- WORK REQUEST -
Excluding images, repeat the data exactly as given.

- SUPPLIED INFORMATION -
================
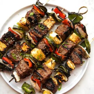 It’s all right here in this simple recipe for Korean beef kabobs. And as if Korean beef aka bulgogi wasn’t good enough (more like filling enough) we’re adding onions, peppers, and pineapple and putting it all on a skewer because friends, food that’s put onto a skewer and grilled make me a little weak in the knees. These beef kabobs healthy,tasty, and a complete meal. But but but since it’s on a skewer, you could certainly make it into an appetizer too at your next shindig. Trust me, you will be the talk of the town.
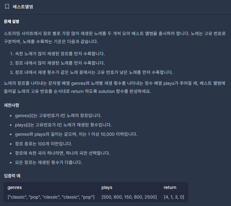 프로그래머스 고득점 kit 해시 카테고리의 레벨 3 문제 "베스트앨범" 이라는 문제입니다.
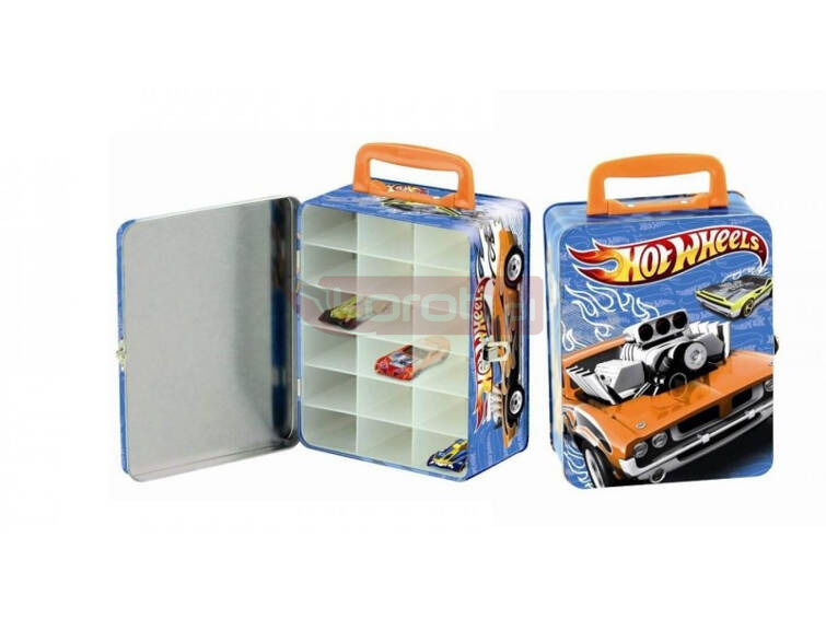 Cała walizeczka wykonana jest z metalu i zadrukowana obrazkami aut Hot Wheels oraz logo serii.
================
- REPLY -
 It’s all right here in this simple recipe for Korean beef kabobs. And as if Korean beef aka bulgogi wasn’t good enough (more like filling enough) we’re adding onions, peppers, and pineapple and putting it all on a skewer because friends, food that’s put onto a skewer and grilled make me a little weak in the knees. These beef kabobs healthy,tasty, and a complete meal. But but but since it’s on a skewer, you could certainly make it into an appetizer too at your next shindig. Trust me, you will be the talk of the town.
 프로그래머스 고득점 kit 해시 카테고리의 레벨 3 문제 "베스트앨범" 이라는 문제입니다.
 Cała walizeczka wykonana jest z metalu i zadrukowana obrazkami aut Hot Wheels oraz logo serii.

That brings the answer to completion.